Consider Starting a Like-Kind Exchange on or Before December, 31, 2017.
The Act limits the like-kind exchange rules to exchanges of real estate. Effective in 2018, like-kind exchanges of personal property, including aircraft, will no longer qualify as tax-deferred exchanges, but rather will be treated as taxable sales. In some cases, the loss of like-kind exchange treatment will be offset by the ability to claim 100 percent bonus depreciation with respect to the replacement aircraft. Bonus depreciation, however, has additional burdensome requirements that may preclude aircraft owners from taking advantage of it. For example, the requirement that aircraft be used predominantly for qualified business use can create roadblocks for owners who fall into the so-called “Leasing Company Trap” – the IRS practice of treating use by certain affiliates of the aircraft owner as personal use, even if such use is, itself, for a business purpose.

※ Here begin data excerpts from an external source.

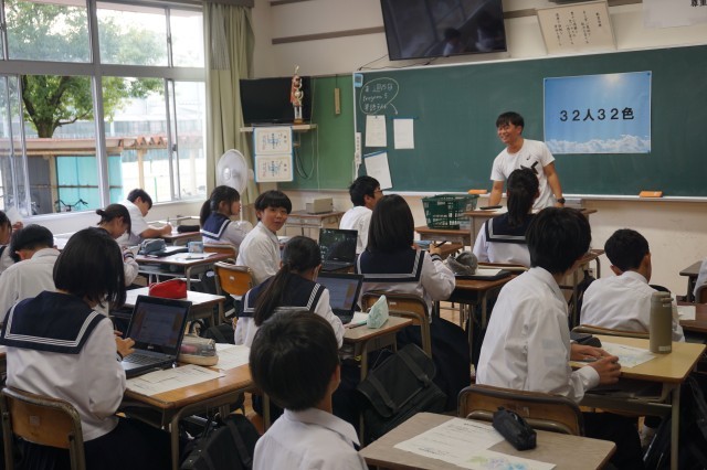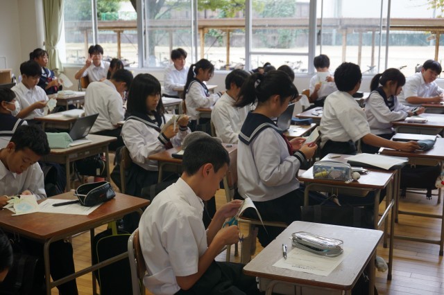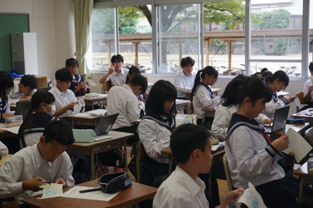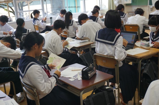 1年生の学級活動では、合唱コンクールに向けて、各自が頑張りたい目標について書きました。書いた目標は、1枚の模造紙にまとめて貼り付けて掲示します。
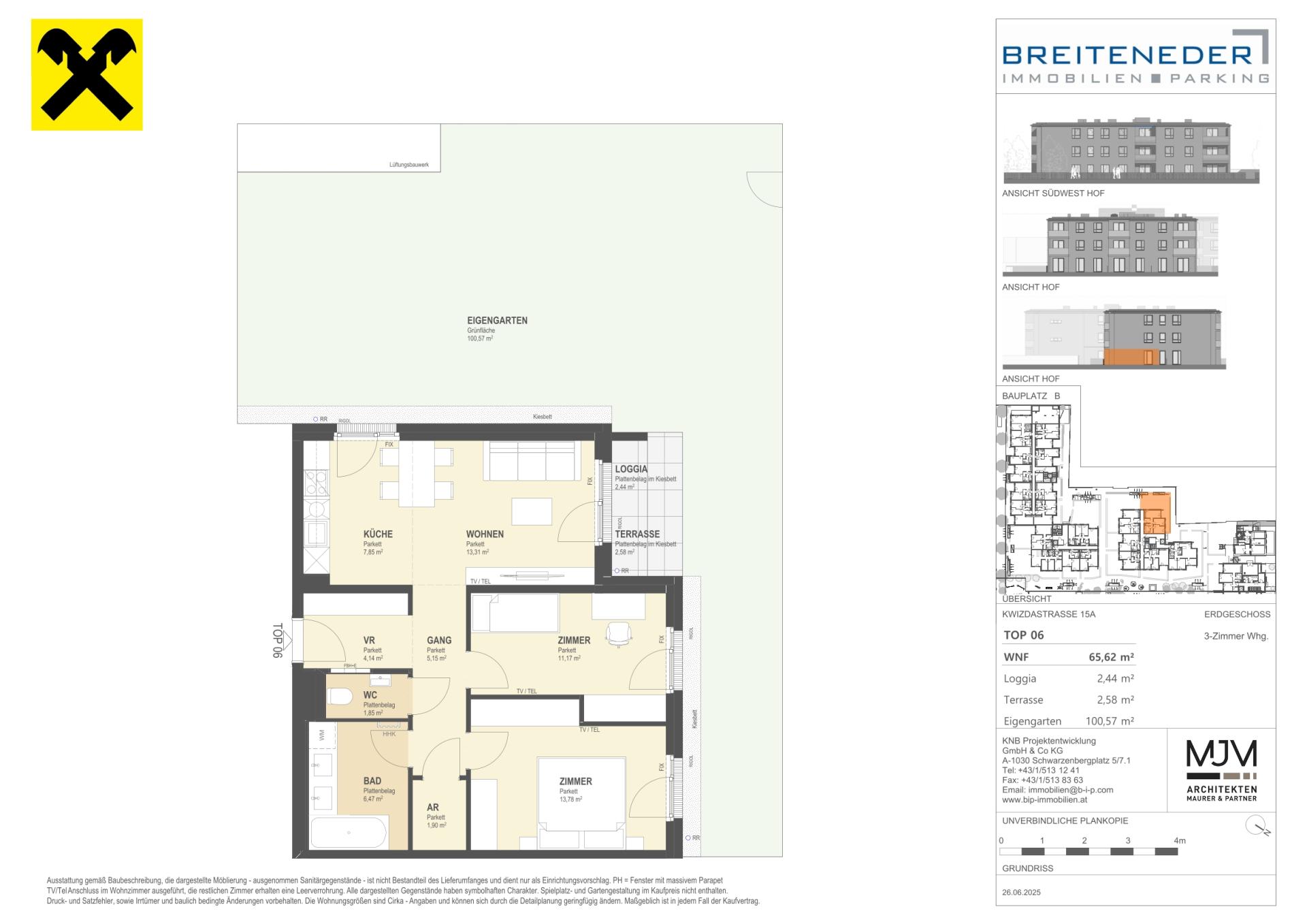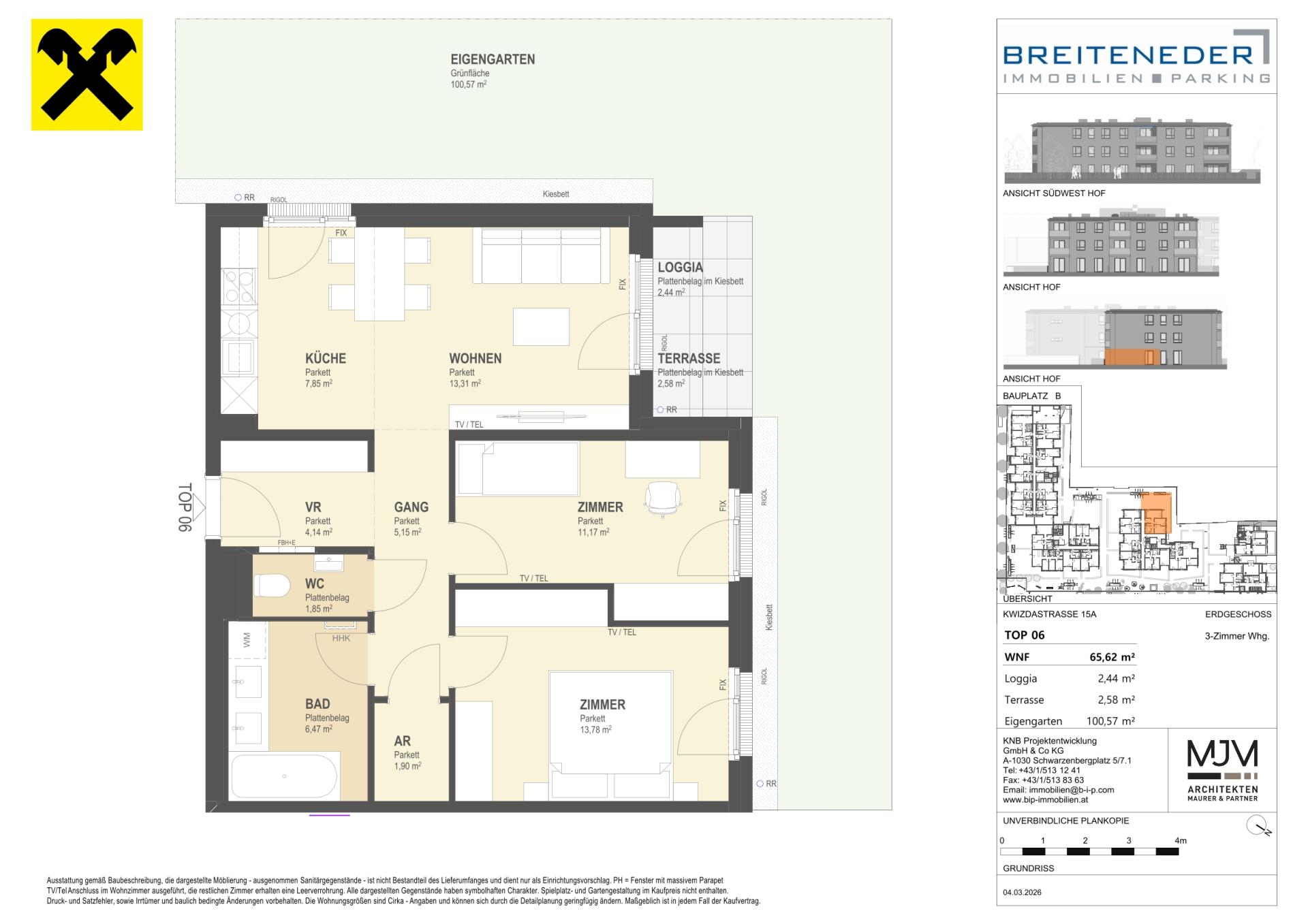 Die Preise verstehen sich als Nettokaufpreise zzgl. USt. Hinzu kommen 3,5 % Grunderwerbsteuer, 1,1 % Grundbucheintragungsgebühr sowie ein Treuhand- und Vertragserrichtungsentgelt von 1,5 % des Gesamtkaufpreises (zzgl. USt und Barauslagen).
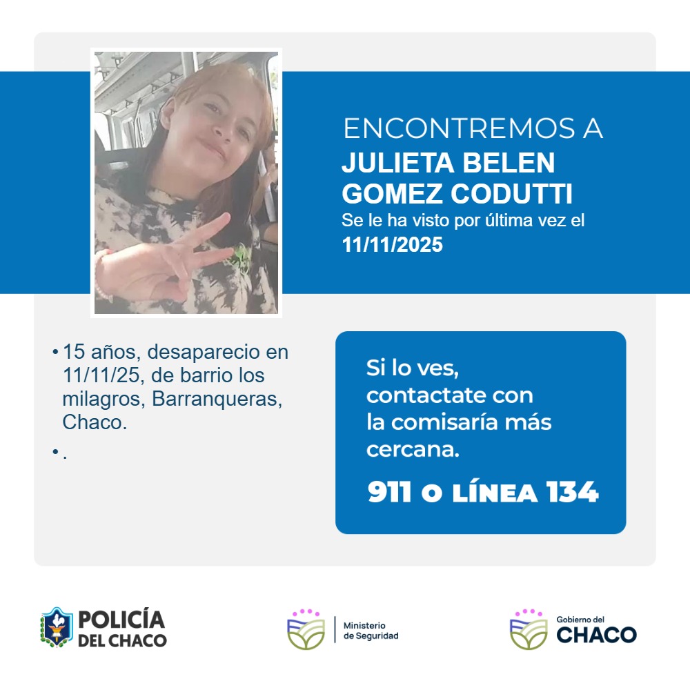 La Policía del Chaco en base a una denuncia registrada en Comisaria Decimocuarta, solicita a la comunidad su valiosa colaboración de informar a la unidad policial más cercana cualquier información relacionada al paradero de la persona menor JULIETA BELEN GOMEZ CODUTTI, de 15 años, de 1,57 metros de altura, de contextura física delgada, tez blanca, cabello lacio castaño oscuro con mechones rubios, ojos color verdes. Se le ha visto por última vez en Barrio Los Milagros en fecha 11/11/2025.
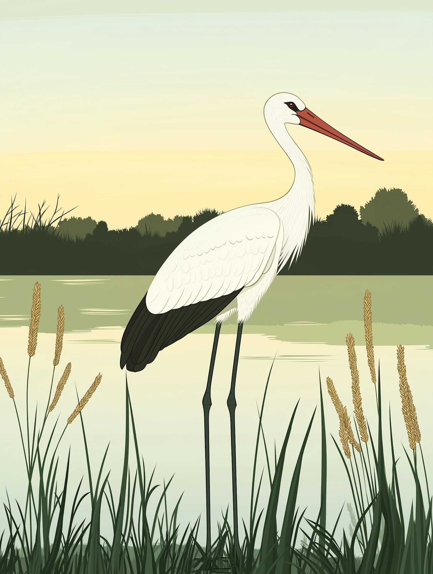 Elegant illustration of a white stork by a tranquil water body, surrounded by reeds and a soft gradient sky.

Described another way, if aircraft owners lease their aircraft to another business or businesses they own wholly or in part, rather than operating it directly, they may be ineligible to claim bonus depreciation.
Aircraft owners considering replacing their aircraft in the near term may wish to consider starting a like-kind exchange before the end of 2017. The new like-kind exchange rules generally apply to exchanges completed after December 31, 2017, but under a special transition rule, the existing rules should continue to apply if the aircraft to be transferred as part of the exchange is “disposed of“ on or before December 31, 2017 (even though the exchange has not been completed as of such date). Based on prior IRS guidance, property that is transferred to an “exchange accommodation titleholder” (EAT) as part of a qualified like-kind exchange is generally considered to have been transferred. Based on a literal interpretation of the transition rules and existing IRS guidance, aircraft owners may be able to take the position that the transfer of their existing aircraft to an EAT as the first part of a like-kind exchange is sufficient to satisfy the transition rule. It is possible, however, that the IRS may have a more restrictive interpretation of the transition rule.
Aircraft owners that delay until 2018 will have to pay federal income tax (and state tax, if applicable) as a result of depreciation recapture and/or gains, and try to meet the requirements for claiming bonus depreciation.